Sudan is facing one of the world's worst humanitarian crises, yet it remains largely invisible to the international community. Since April 2023, a brutal civil war has been raging between two military forces: the Sudanese Armed Forces (SAF) and the Rapid Support Forces (RSF). The numbers are staggering: more than 150,000 people dead, 12 million forced to flee their homes within Sudan, and 26 million people facing severe hunger.
In October 2025, the RSF captured El-Fasher, the last city in Darfur that was still controlled by the army. What followed was a massacre. Researchers at Yale University's Humanitarian Research Lab used satellite images to document mass killings happening on the ground.
Meanwhile, U.S. intelligence agencies confirmed that the United Arab Emirates (UAE) has been increasing its weapons shipments to the RSF, even as the militia stands accused of
genocide.
This tragedy didn't come out of nowhere.

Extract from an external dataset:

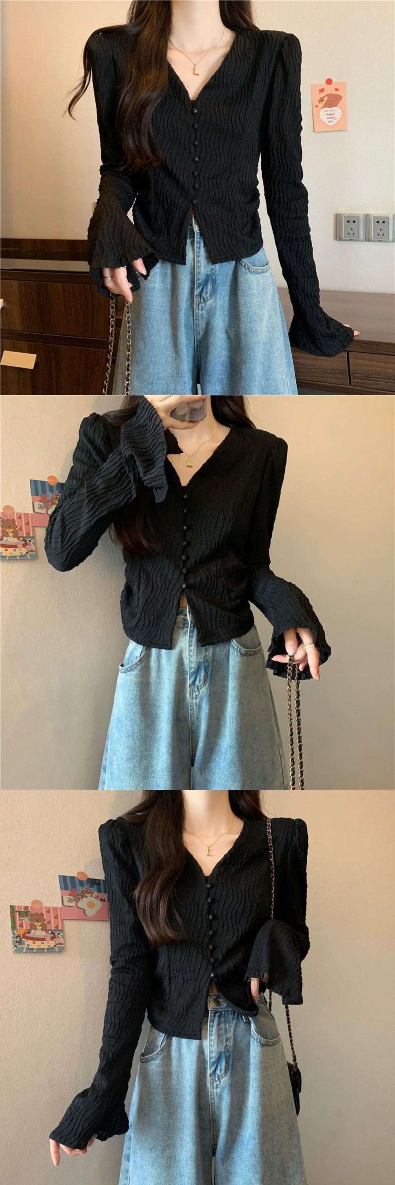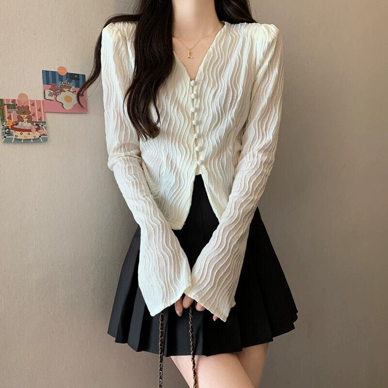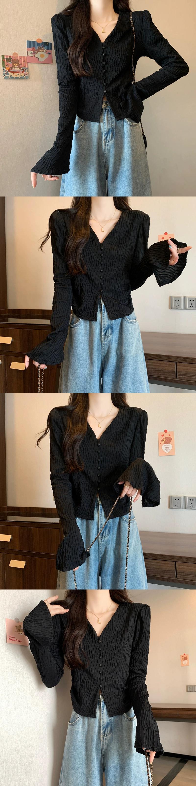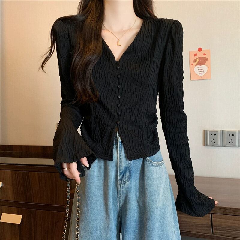 大きいサイズ太いmmフランスの気質スリム長袖秋の新しい女性の優しいスタイルVネックボタンベルスリーブトップ ロング 大きめサイズ オータム 秋物 8884113102450458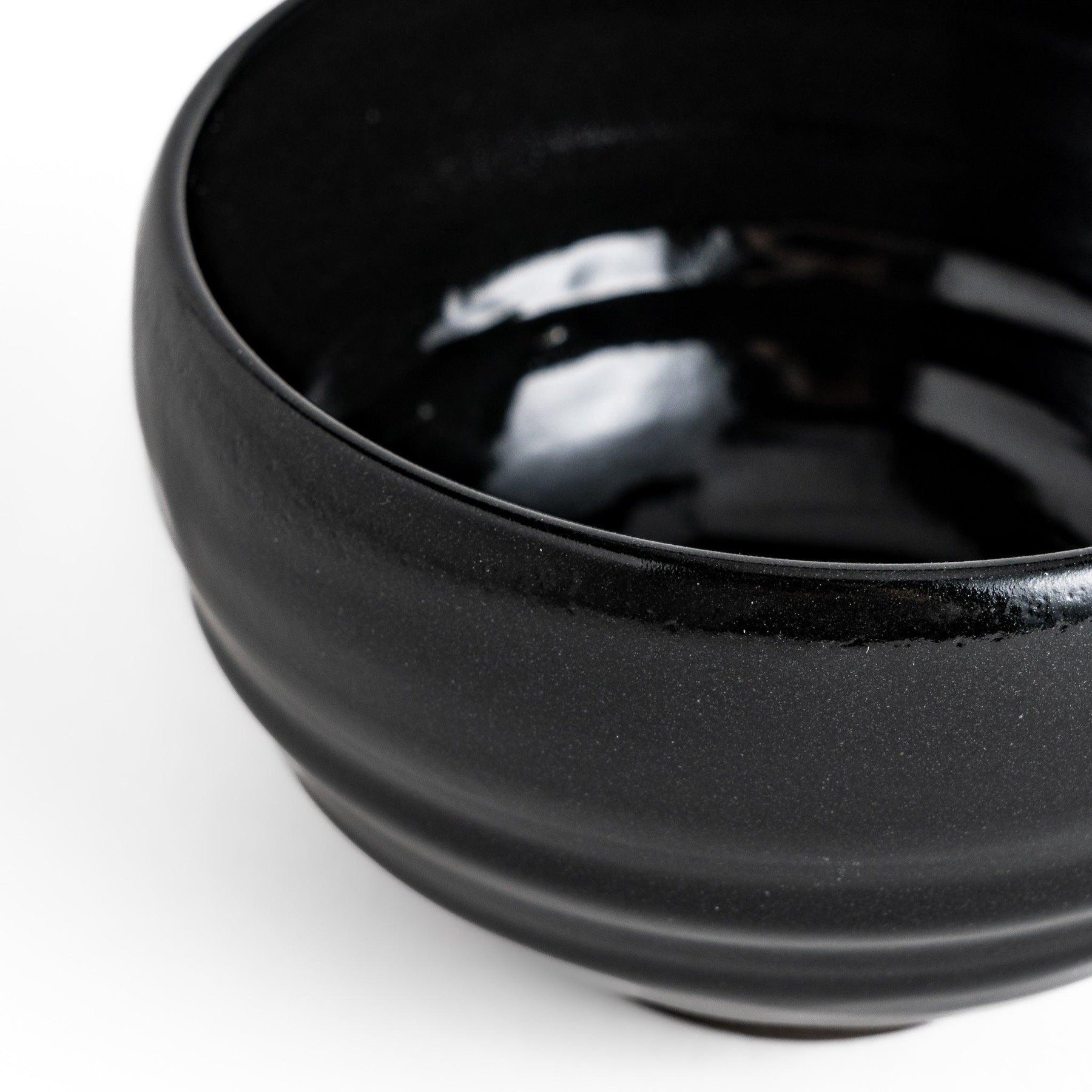 The Twilight Groove Matcha Bowl reflects the serene atmosphere of nightfall. Its glossy black glaze glimmers like a quiet sky, while the hand-carved lines along the surface evoke flowing shadows. This interplay of depth and light creates a vessel that feels both grounded and ethereal, inviting reflection with every use.

In 2019, the Sudanese people achieved something remarkable: they overthrew a genocidal dictator through peaceful mass protests. They had a chance at democracy. But in 2021, military generals staged a coup. The international community failed to protect Sudan's democratic transition and failed to hold the UAE accountable for fueling violence. Now, genocide has returned to Darfur.
The article was written with the support of Dr. Jihad Mashamoun, a Sudanese political analyst and researcher specializing in the Horn of Africa, who generously shared his knowledge and insights throughout the reporting process.


Understanding the Players: SAF and RSF
The war in Sudan isn't a fight between the government and some outside rebel group. It's something more tragic: the former regime is hiding behind both sides , supporting the SAF while also using the RSF as a vehicle to reclaim power , turning the country into a battleground for its own political survival while ordinary people pay the price. The SAF for decades has been at the center of political power in Khartoum (Sudan's capital). Under dictator Omar al-Bashir, who ruled from 1989 to 2019, the army fought brutal campaigns against regions like Darfur.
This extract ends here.